» Exercise details:
Output the data word for word, dropping every image.

Saved data entries
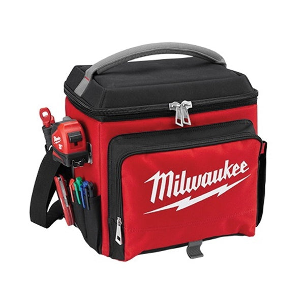 • Milwaukee 48-22-8250 Jobsite Cooler, 13.77 in W, 11.1 in D, 14.96 in H, 8-Pocket, Fabric, Red
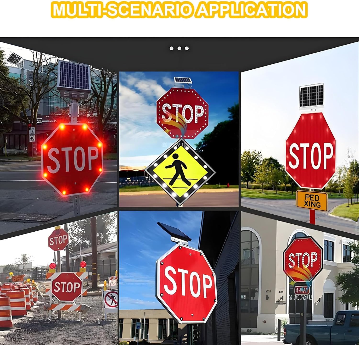 LED traffic signs are effective and visible solutions designed to enhance road safety and traffic management. Our LED solar traffic safety stop sign is an eco-friendly option, constructed from a durable aluminum alloy board paired with an efficient solar panel. This innovative design ensures maximum visibility and reliability, making it an excellent choice for various traffic control scenarios. **Product Specifications:** - **Name:** Stop Traffic Sign - **Type:** Solar LED Traffic Safety Sign - **Material:** Aluminum Plate, Reflective Film, Lamp Beads - **Working Mode:** Operates 12/24 hours per day with options for flashing or constant lighting - **Visible Distance:** More than 2500 feet, ensuring clear visibility from afar - **Working Time:** Delivers consistent performance for 5-7 consecutive days on a full charge - **Life Span:** Designed for longevity with a lifespan of 3-5 years - **Size Options:** Available in 60cm (24 inches) and 80cm (32 inches); custom sizes can be requested. **Package Includes:** - 1 Stop Sign - 1 Solar Panel **Installation Notes:** - For optimal performance, install the sign in direct sunlight without any shading. - Ensure the LED lamp functions properly before installation. - Position the solar panel to receive maximum sunlight throughout the day for efficient charging. - To preserve battery life when not in use, turn off the switch. For best results, charge in full sunlight for three consecutive days before first use. This LED solar traffic stop sign is perfect for various applications, including construction sites, parking lots, and pedestrian crossings. Its high visibility and energy-efficient design not only promote safety but also contribute to environmental sustainability. Choose our LED solar traffic safety sign for a reliable and effective traffic control solution.
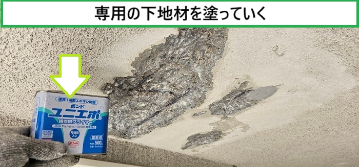 1️⃣天井モルタルの補修として、まずは露出した鉄筋の錆を丁寧に除去し、防錆処理を施します🔧
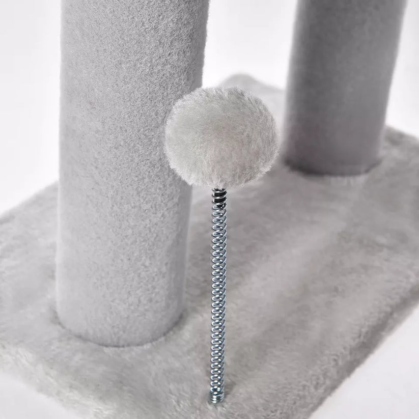Trädet är tillverkat av slitstarkt trä och klätt i mjuk plysch för maximal komfort. De robusta klöspinnarna hjälper till att tillfredsställa klösbehovet och minskar risken för skador på möbler och inredning.
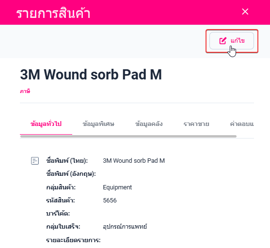 เมื่อผู้ใช้งานแก้ไขข้อมูลเสร็จสิ้นคลิก บันทึก ระบบจะบันทึกการแก้ไขรายการสินค้า

» Output:
 • Milwaukee 48-22-8250 Jobsite Cooler, 13.77 in W, 11.1 in D, 14.96 in H, 8-Pocket, Fabric, Red
 LED traffic signs are effective and visible solutions designed to enhance road safety and traffic management. Our LED solar traffic safety stop sign is an eco-friendly option, constructed from a durable aluminum alloy board paired with an efficient solar panel. This innovative design ensures maximum visibility and reliability, making it an excellent choice for various traffic control scenarios. **Product Specifications:** - **Name:** Stop Traffic Sign - **Type:** Solar LED Traffic Safety Sign - **Material:** Aluminum Plate, Reflective Film, Lamp Beads - **Working Mode:** Operates 12/24 hours per day with options for flashing or constant lighting - **Visible Distance:** More than 2500 feet, ensuring clear visibility from afar - **Working Time:** Delivers consistent performance for 5-7 consecutive days on a full charge - **Life Span:** Designed for longevity with a lifespan of 3-5 years - **Size Options:** Available in 60cm (24 inches) and 80cm (32 inches); custom sizes can be requested. **Package Includes:** - 1 Stop Sign - 1 Solar Panel **Installation Notes:** - For optimal performance, install the sign in direct sunlight without any shading. - Ensure the LED lamp functions properly before installation. - Position the solar panel to receive maximum sunlight throughout the day for efficient charging. - To preserve battery life when not in use, turn off the switch. For best results, charge in full sunlight for three consecutive days before first use. This LED solar traffic stop sign is perfect for various applications, including construction sites, parking lots, and pedestrian crossings. Its high visibility and energy-efficient design not only promote safety but also contribute to environmental sustainability. Choose our LED solar traffic safety sign for a reliable and effective traffic control solution.
 1️⃣天井モルタルの補修として、まずは露出した鉄筋の錆を丁寧に除去し、防錆処理を施します🔧
Trädet är tillverkat av slitstarkt trä och klätt i mjuk plysch för maximal komfort. De robusta klöspinnarna hjälper till att tillfredsställa klösbehovet och minskar risken för skador på möbler och inredning.
 เมื่อผู้ใช้งานแก้ไขข้อมูลเสร็จสิ้นคลิก บันทึก ระบบจะบันทึกการแก้ไขรายการสินค้า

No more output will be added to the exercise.